Molecules, which are more complex than atoms or particles, have more specific properties, or states, that can be forced to join together to form a qubit.

“This means that, in practical terms, there are new ways of storing and using quantum information,” said Yukai Lu, a graduate student in electrical and computer engineering at Princeton University, co-authored the second study.

“For example, a molecule can vibrate and rotate in many ways. So, you can use these two ways to install a qubit. If the type of molecule is polar, there are two molecules Molecules can interact even when separated by space.”

Both teams created ultra-cold calcium monofluoride (CaF) molecules and captured them, one at a time, with optical tweezers.

Using these tightly coupled beams of laser light, the molecules were arranged in pairs, as close as one CaF molecule could sense the connection. long electric dipolar of its counterpart. This caused the individual molecules to be joined together in a larger state before they became aliens.

The method, with its direct use of individual molecules, “paves the way for the development of new structures for special technologies,” written Augusto Smerzi, a doctor at the National Research Council of Italy, in a shared view.
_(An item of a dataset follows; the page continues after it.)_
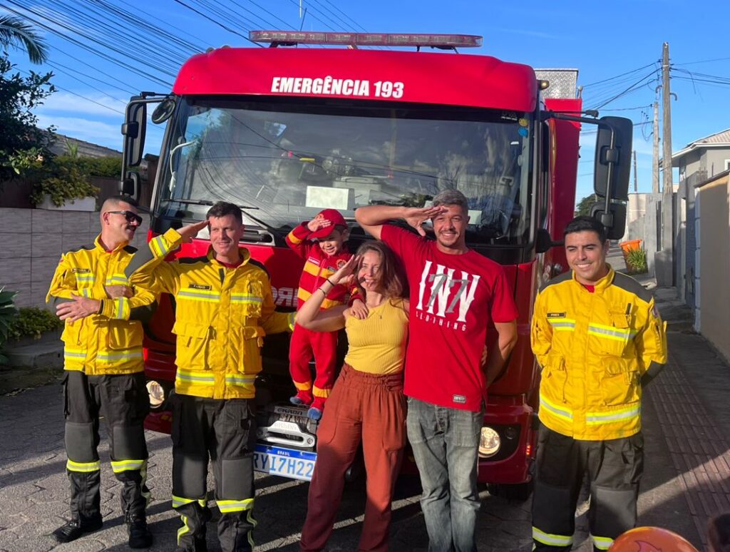Apaixonado por bombeiros, o menino recebeu uma visita inesperada e inesquecível durante sua festa de aniversário, em Florianópolis: uma guarnição do Corpo de Bombeiros Militar de Santa Catarina (CBMSC) chegou de surpresa, com direito a sirenes, uniformes e muito carinho.

Smerzi was not involved in the study, but saw its potential. By using the dipole interactions of molecules, he said the system could one day be used to develop more sensitive electronic devices that can detect electrical currents.

“The applications start from electroencephalography to measure the electrical current in the brain to monitor changes in the electrical current in the earth’s ground for information on earthquakes,” he said. speculation.

The two studies were published in Science, here and here.